Problem to work on: Each entry has to be given again in its exact wording, and no picture may appear in the result.

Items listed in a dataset
****

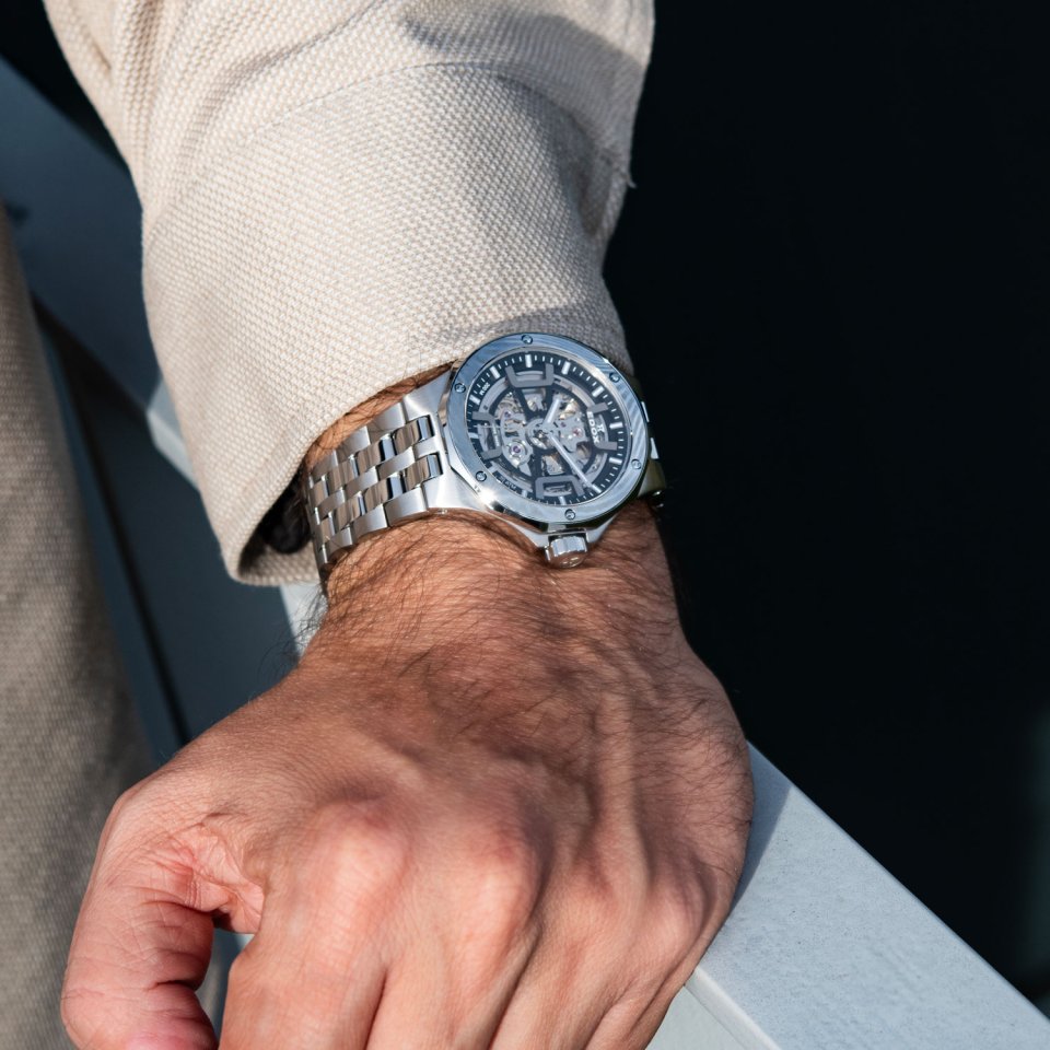 ケースは細かい筋目のヘアラインと鏡のような光沢を放つ鏡面仕上げを使い分け、ブレスレットもヘアラインをベースにリンクパーツのみ鏡面仕上げでメリハリを演出。各部の仕上げを丁寧に使い分けることで、シンプルながら奥行きと洗練を宿すモダンな佇まいです。
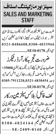 Marketing Company Lahore, lahore Punjab Pakistan invites applications from eligible candidates for the post of order taker, area sales manager, sales executive and salesman as per advertisement of October 6, 2024 published in daily Jang Newspaper. B.com, Bachelor, Intermediate, Middle, Matric and BA etc. educational qualification will be preferred.
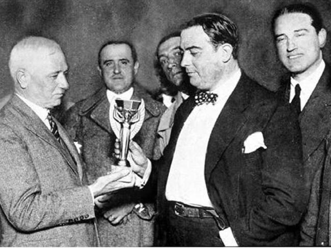 Foto 6 de 17Jules Rimet, presidente de la FIFA, presenta el trofeo ‘Jules Rimet’ a Raúl Jude, miembro de la asociación paraguaya de fútbol. El último equipo en recibir este trofeo fue Brasil, ya que se dejó de entregar en 1970.
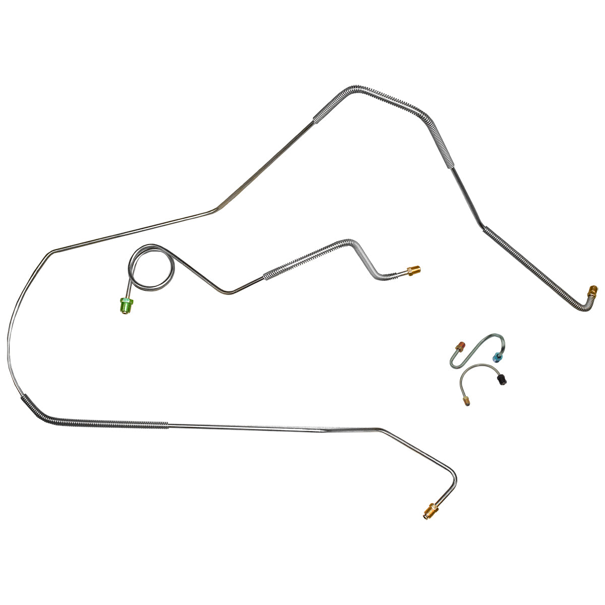 This preformed front brake line kit includes all the metal brake lines to supply the front two wheels of your vehicle and includes the master cylinder lines, left front line, and right front crossover line.
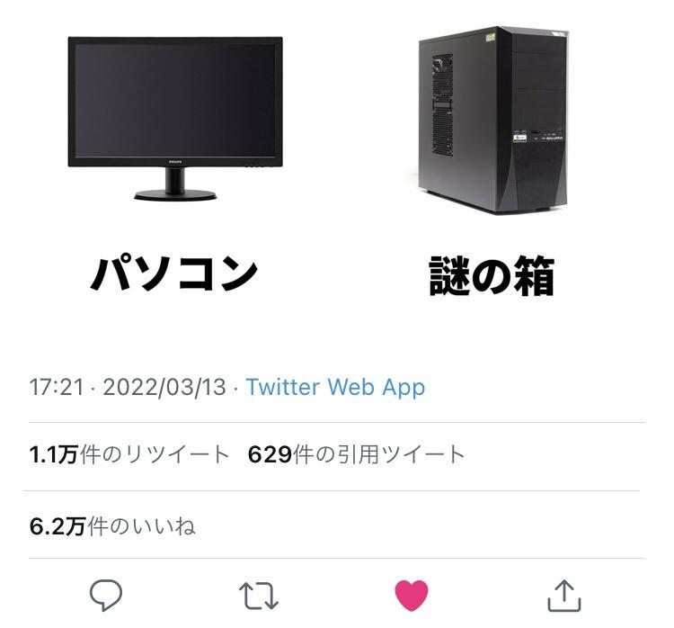 ホーム > ニュースetc > 【悲報】若者さんパソコンの横に置いてある謎の箱に困惑してしまう😭 2022/04/21 1: 風吹けば名無し 2022/03/24(木) 06:20:37.46 ID:/Lt88iZUM.net 3: 風吹けば名無し 2022/03/24(木) 06:21:07.61 ID:MeM6XsHTd.net 頭悪そう 続きを読む Source: 妹はVIPPER - ニュースetc
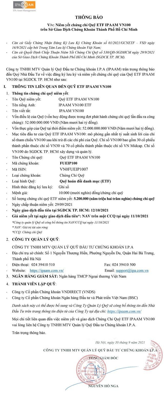 Chia sẻ Chia sẻ Tin liên quan Công ty TNHH Quản lý Quỹ Mirae Asset thông báo đăng ký lưu ý và niêm yết chứng chỉ Quỹ ETF MAFM VN30 trên HOSE 19/11/2020 08:00 Công ty Quản Lý Quỹ SSI thông báo đăng ký lưu ký và niêm yết chứng chỉ Quỹ ETF SSIAM VN30 trên HOSE 10/08/2020 14:47 Vinacapital thông báo đăng ký lưu ký và niêm yết chứng chỉ Quỹ ETF VINACAPITAL VN100 trên HOSE 15/07/2020 07:47 Từ khóa Quỹ ETF IPAAM VN100
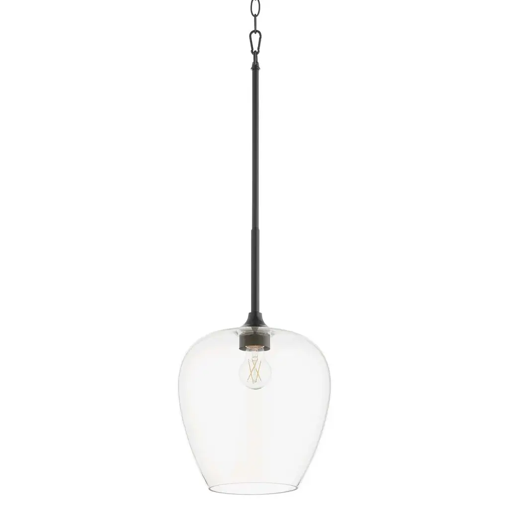 The design of this 1 light pendant from Everly collection is based on decorative blown glass containers. It features clear glass and is made memorable with the use of vintage squirrel cage filament lamps. Contemporary or traditional, this pendant can be used singularly or in multiples to elevate every room.
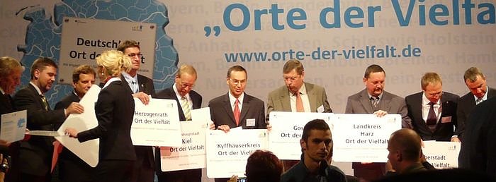 Autor: khhHeute haben der Kyffhäuserkreis und die Stadt Nordhausen die Auszeichnung Ort der Vielfalt in Berlin verliehen bekommen. Die Initiative Orte der Vielfalt ist eine bundesweite kommunikative Strategie zur Stärkung von Vielfalt, Toleranz und Demokratie, deren Anliegen es ist, die demokratischen gesellschaftlichen Kräfte unseres Landes – angefangen von Bund, Länder, Kommunen, über die Organisationen, die Bürgerinnen und Bürger, politische Parteien, Medien, bis hin zur Wirtschaft und zum Sport zu bündeln und jeder Form von Extremismus entschieden entgegenzutreten.
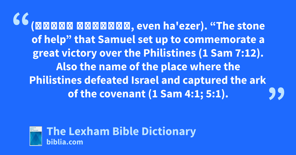 Ebenezer (אֶבֶן הָעֵזֶר, even ha'ezer). “The stone of help” that Samuel set up to commemorate a great victory over the Philistines (1 Sam 7:12). Also the name of the place where the Philistines defeated Israel and captured the ark of the covenant (1 Sam 4:1; 5:1).
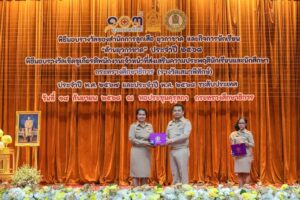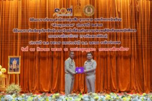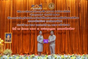 วันที่ 18 กันยายน 2568 ว่าที่ร้อยตรีสุรสิทธิ์ ถิตย์สมบูรณ์ ผอ.สพป.กาฬสินธุ์ เขต 1 มอบหมายให้ นางวชิรนุช พรหมภัทร์ รองผู้อำนวยการสำนักงานเขตพื้นที่การศึกษาประถมศึกษากาฬสินธุ์ เขต 1 พร้อมด้วย นายนิกร สันประเภท ผู้อำนวยการโรงเรียนถ้ำปลาวิทยายน เข้าร่วมพิธีรับมอบรางวัลเชิดชูเกียรติพนักงานเจ้าหน้าที่ส่งเสริมความประพฤตินักเรียนและนักศึกษา กระทรวงศึกษาธิการ (รางวัลเสมาพิทักษ์) ประจำปี พ.ศ. 2567 ระดับประเทศ และนางสุจิตราภรณ์ หันไชยเนาว์ ครูโรงเรียนท่ากลางแจ้งจมวิทยา เข้าร่วมพิธีรับมอบรางวัลเชิดชูเกียรติพนักงานเจ้าหน้าที่ส่งเสริมความประพฤตินักเรียนและนักศึกษา กระทรวงศึกษาธิการ (รางวัลเสมาพิทักษ์) ประจำปี พ.ศ. 2568 ณ หอประชุมคุรุสภา กระทรวงศึกษาธิการ กรุงเทพมหานคร โดยมี ดร.สุเทพ แก่งสันเทียะ ปลัดกระทรวงศึกษาธิการ เป็นประธานในพิธีมอบรางวัล และนายวรัท พฤกษาทวีกุล รองปลัดกระทรวงศึกษาธิการ เป็นผู้มอบรางวัล เพื่อยกย่องและเชิดชูเกียรติผู้บริหารและบุคลากรที่ปฏิบัติหน้าที่ส่งเสริมความประพฤตินักเรียนและนักศึกษา ซึ่งมีผลงานดีเด่นและพัฒนางานให้มีมาตรฐาน
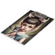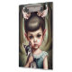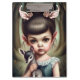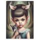 Perdido num mundo de imaginação e amor. Uma jovem está segurando um veado em seus braços. A garota está vestindo um vestido azul e tem um par de chifres na cabeça. A cena está em uma floresta, com árvores ao redor da menina e do veado

****

Result of the task:
 ケースは細かい筋目のヘアラインと鏡のような光沢を放つ鏡面仕上げを使い分け、ブレスレットもヘアラインをベースにリンクパーツのみ鏡面仕上げでメリハリを演出。各部の仕上げを丁寧に使い分けることで、シンプルながら奥行きと洗練を宿すモダンな佇まいです。
 Marketing Company Lahore, lahore Punjab Pakistan invites applications from eligible candidates for the post of order taker, area sales manager, sales executive and salesman as per advertisement of October 6, 2024 published in daily Jang Newspaper. B.com, Bachelor, Intermediate, Middle, Matric and BA etc. educational qualification will be preferred.
 Foto 6 de 17Jules Rimet, presidente de la FIFA, presenta el trofeo ‘Jules Rimet’ a Raúl Jude, miembro de la asociación paraguaya de fútbol. El último equipo en recibir este trofeo fue Brasil, ya que se dejó de entregar en 1970.
 This preformed front brake line kit includes all the metal brake lines to supply the front two wheels of your vehicle and includes the master cylinder lines, left front line, and right front crossover line.
 ホーム > ニュースetc > 【悲報】若者さんパソコンの横に置いてある謎の箱に困惑してしまう😭 2022/04/21 1: 風吹けば名無し 2022/03/24(木) 06:20:37.46 ID:/Lt88iZUM.net 3: 風吹けば名無し 2022/03/24(木) 06:21:07.61 ID:MeM6XsHTd.net 頭悪そう 続きを読む Source: 妹はVIPPER - ニュースetc
 Chia sẻ Chia sẻ Tin liên quan Công ty TNHH Quản lý Quỹ Mirae Asset thông báo đăng ký lưu ý và niêm yết chứng chỉ Quỹ ETF MAFM VN30 trên HOSE 19/11/2020 08:00 Công ty Quản Lý Quỹ SSI thông báo đăng ký lưu ký và niêm yết chứng chỉ Quỹ ETF SSIAM VN30 trên HOSE 10/08/2020 14:47 Vinacapital thông báo đăng ký lưu ký và niêm yết chứng chỉ Quỹ ETF VINACAPITAL VN100 trên HOSE 15/07/2020 07:47 Từ khóa Quỹ ETF IPAAM VN100
 The design of this 1 light pendant from Everly collection is based on decorative blown glass containers. It features clear glass and is made memorable with the use of vintage squirrel cage filament lamps. Contemporary or traditional, this pendant can be used singularly or in multiples to elevate every room.
 Autor: khhHeute haben der Kyffhäuserkreis und die Stadt Nordhausen die Auszeichnung Ort der Vielfalt in Berlin verliehen bekommen. Die Initiative Orte der Vielfalt ist eine bundesweite kommunikative Strategie zur Stärkung von Vielfalt, Toleranz und Demokratie, deren Anliegen es ist, die demokratischen gesellschaftlichen Kräfte unseres Landes – angefangen von Bund, Länder, Kommunen, über die Organisationen, die Bürgerinnen und Bürger, politische Parteien, Medien, bis hin zur Wirtschaft und zum Sport zu bündeln und jeder Form von Extremismus entschieden entgegenzutreten.
 Ebenezer (אֶבֶן הָעֵזֶר, even ha'ezer). “The stone of help” that Samuel set up to commemorate a great victory over the Philistines (1 Sam 7:12). Also the name of the place where the Philistines defeated Israel and captured the ark of the covenant (1 Sam 4:1; 5:1).
 วันที่ 18 กันยายน 2568 ว่าที่ร้อยตรีสุรสิทธิ์ ถิตย์สมบูรณ์ ผอ.สพป.กาฬสินธุ์ เขต 1 มอบหมายให้ นางวชิรนุช พรหมภัทร์ รองผู้อำนวยการสำนักงานเขตพื้นที่การศึกษาประถมศึกษากาฬสินธุ์ เขต 1 พร้อมด้วย นายนิกร สันประเภท ผู้อำนวยการโรงเรียนถ้ำปลาวิทยายน เข้าร่วมพิธีรับมอบรางวัลเชิดชูเกียรติพนักงานเจ้าหน้าที่ส่งเสริมความประพฤตินักเรียนและนักศึกษา กระทรวงศึกษาธิการ (รางวัลเสมาพิทักษ์) ประจำปี พ.ศ. 2567 ระดับประเทศ และนางสุจิตราภรณ์ หันไชยเนาว์ ครูโรงเรียนท่ากลางแจ้งจมวิทยา เข้าร่วมพิธีรับมอบรางวัลเชิดชูเกียรติพนักงานเจ้าหน้าที่ส่งเสริมความประพฤตินักเรียนและนักศึกษา กระทรวงศึกษาธิการ (รางวัลเสมาพิทักษ์) ประจำปี พ.ศ. 2568 ณ หอประชุมคุรุสภา กระทรวงศึกษาธิการ กรุงเทพมหานคร โดยมี ดร.สุเทพ แก่งสันเทียะ ปลัดกระทรวงศึกษาธิการ เป็นประธานในพิธีมอบรางวัล และนายวรัท พฤกษาทวีกุล รองปลัดกระทรวงศึกษาธิการ เป็นผู้มอบรางวัล เพื่อยกย่องและเชิดชูเกียรติผู้บริหารและบุคลากรที่ปฏิบัติหน้าที่ส่งเสริมความประพฤตินักเรียนและนักศึกษา ซึ่งมีผลงานดีเด่นและพัฒนางานให้มีมาตรฐาน
 Perdido num mundo de imaginação e amor. Uma jovem está segurando um veado em seus braços. A garota está vestindo um vestido azul e tem um par de chifres na cabeça. A cena está em uma floresta, com árvores ao redor da menina e do veado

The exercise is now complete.